Can you shoot a home intruder under California law?

California doesn't have a 'Stand Your Ground' law like Florida, but is there something similar?

A home intruder situation is frightening and dangerous for a homeowner.

Early Friday morning, an Elk Grove resident found two suspects breaking into his house and vehicles. With his family- including a baby- in the home, he decided to take matters into his own hands. 

He grabbed a shotgun and let out a shot, sending the suspects sprinting away from the scene.

The homeowner didn't harm anyone with the shot, but if he did, would it be legally justified?

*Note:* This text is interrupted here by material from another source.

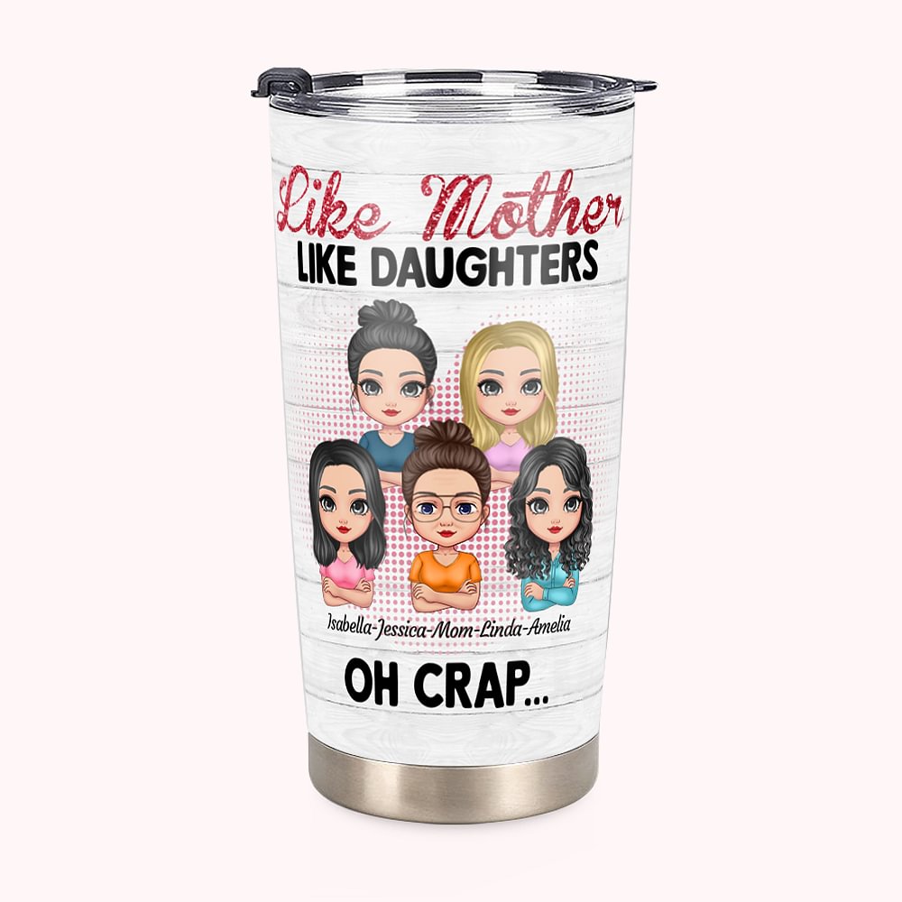 Vaso de 20oz Personalizado Like Mother Like Daughters Heart Background Showing Love for Each Other Regalo del Día de la Mujer para bebidas frías y cal

California doesn’t have a ‘Stand Your Ground’ law like Florida, which was widely discussed after the death of Trayvon Martin

But it does have a similar law called the Castle Doctrine (CA Penal Code Section 198.5) which allows the use of deadly force by a homeowner if someone forces or breaks their way into their house unlawfully. The homeowner must fear imminent death or great bodily injury towards themselves or their family in order to justify deadly force.

In addition, the California Criminal Jury Instructions (CALCRIM) allows a jury to acquit someone of homicide based on the Castle Doctrine under CALCRIM #505 & #506.

Both laws define justifiable homicide, but #505 refers to self-defense using deadly force outside the home, while #506 refers to use of deadly force in the case of an unlawful home entry.

In both cases, CALCRIM states a defendant doesn't have to retreat from an assailant and can even chase them down until the danger has passed.

But defining a justifiable situation may get sticky.

CALCRIM clearly states a person must prove that they or their family were in immediate danger of death or great harm, not potential or future harm. A defendant must prove they felt a home intruder had the intent to harm in order to not get charged with manslaughter or homicide.

Under confusing or unexpected circumstances, a situation may be difficult to read.

CALCRIM, also states a defendant would need to react in a way a 'reasonable' person would under the circumstances with the belief of immediate danger. A person doesn't necessarily have to be right about their belief, they just have to prove to a jury their belief was genuine.